# Task to carry out
Could you repeat exactly the lines below, from the line containing "이제 진짜 등산인가 보다." through the last one, both included, while leaving out any pictures?

# Collected data
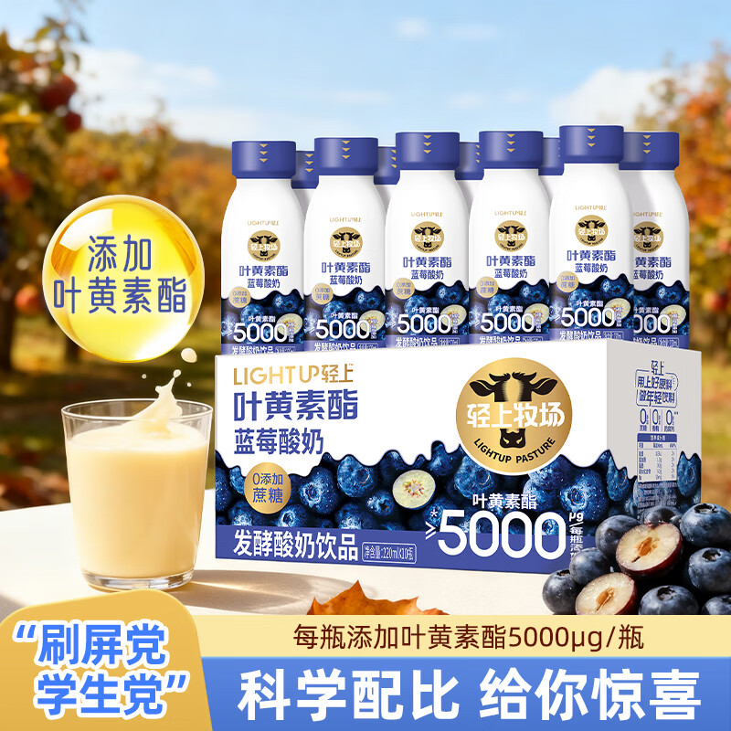 自营轻上叶黄素酯蓝莓酸奶10瓶装,到手价35.1元
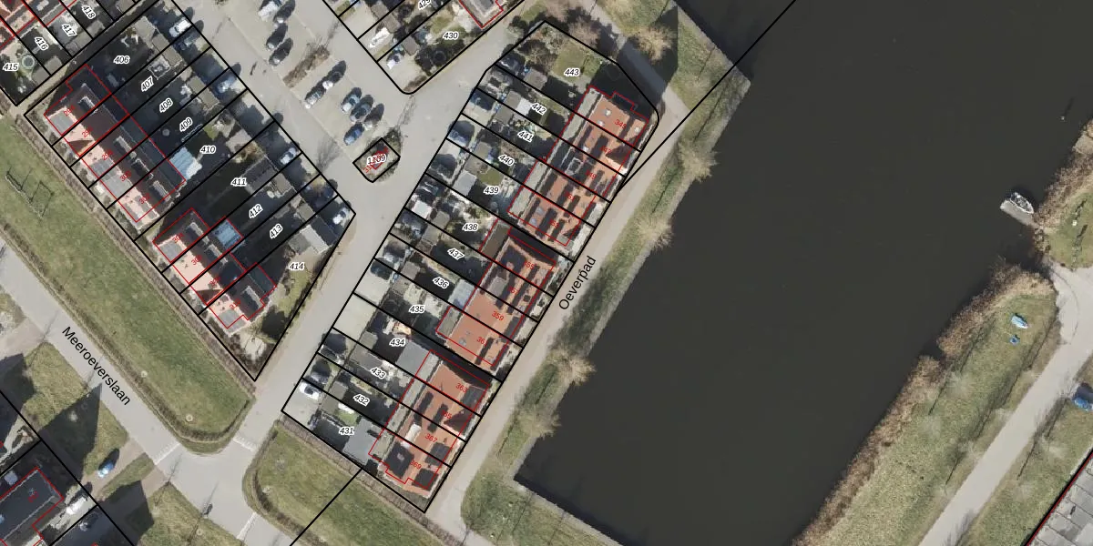 Oeverpad 355 is gelegen op kadastraal perceel GNG01AE438. Deze kadastrale aanduiding is uniek en wordt gebruikt door het Kadaster om eigendomsrechten en andere zakelijke rechten vast te leggen. Het perceel maakt onderdeel uit van de kadastrale gemeente Groningen.
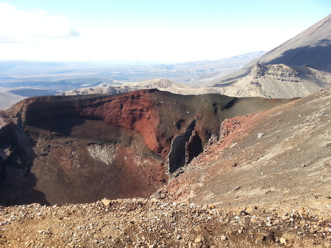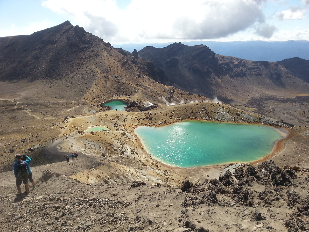 이제 진짜 등산인가 보다. 안내서에도 hard ascent라고 되어있다. 힘들게 보인다. 긴팔 재킷도 벗어버리고 올라간다. 저기만 올라가면 힘든 것은 끝나려나... 안내서를 보니 지금 2번은 hard, 4번은 difficult ascent라고 되어 있다. hard와 difficult가 뭐가 다른 거야.. 뭐가 더 힘들다는 거지??? 어쨌든 다시 보기 힘든 활화산 구역을 걸었다. 화산의 색깔이 참 이쁘다. 이 구역을 지나니 평탄한 지역이 나온다. 멀리 사람들이 쉬고 있는 곳이 보이고 Red crater ridge라는 곳까지 올라가는 사람이 보인다. 바로 이 지역이 difficult ascent인데 정말 어렵다. 작은 자갈과 모래로 올라가기가 어렵다. 음... 이제 hard와 difficult가 구분이 된다. 힘껏 오르니 아이고 아래에 에메랄드 호수가 보이기는 하는데 내려갈 일이 큰일이다. easy descent 가 아니고 difficult다 거의 45도 이상의 경사면을 미끄러지듯이 내려가야 한다. 15분이라는데 무슨.... 멀리 보이는 호수가 정말 이쁘다... 어렵게 내려와 보니 여기는 연기가 피어오르는 활화산 지대다... 뭐 혹시라도 사이렌이 울리면 빨리 이 구역을 벗어나란다.... 화산이 폭발한다고... 이런...~~
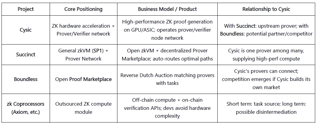 Dinámicas competitivas: los enfrentamientos a largo plazo en el nivel de acceso al cliente con Succinct/Boundless (mercados) o zk Coprocesadores maduros podrían empujar a Cysic a un papel de "fabricante de contrato" en upstream.

# Your response
 이제 진짜 등산인가 보다. 안내서에도 hard ascent라고 되어있다. 힘들게 보인다. 긴팔 재킷도 벗어버리고 올라간다. 저기만 올라가면 힘든 것은 끝나려나... 안내서를 보니 지금 2번은 hard, 4번은 difficult ascent라고 되어 있다. hard와 difficult가 뭐가 다른 거야.. 뭐가 더 힘들다는 거지??? 어쨌든 다시 보기 힘든 활화산 구역을 걸었다. 화산의 색깔이 참 이쁘다. 이 구역을 지나니 평탄한 지역이 나온다. 멀리 사람들이 쉬고 있는 곳이 보이고 Red crater ridge라는 곳까지 올라가는 사람이 보인다. 바로 이 지역이 difficult ascent인데 정말 어렵다. 작은 자갈과 모래로 올라가기가 어렵다. 음... 이제 hard와 difficult가 구분이 된다. 힘껏 오르니 아이고 아래에 에메랄드 호수가 보이기는 하는데 내려갈 일이 큰일이다. easy descent 가 아니고 difficult다 거의 45도 이상의 경사면을 미끄러지듯이 내려가야 한다. 15분이라는데 무슨.... 멀리 보이는 호수가 정말 이쁘다... 어렵게 내려와 보니 여기는 연기가 피어오르는 활화산 지대다... 뭐 혹시라도 사이렌이 울리면 빨리 이 구역을 벗어나란다.... 화산이 폭발한다고... 이런...~~
 Dinámicas competitivas: los enfrentamientos a largo plazo en el nivel de acceso al cliente con Succinct/Boundless (mercados) o zk Coprocesadores maduros podrían empujar a Cysic a un papel de "fabricante de contrato" en upstream.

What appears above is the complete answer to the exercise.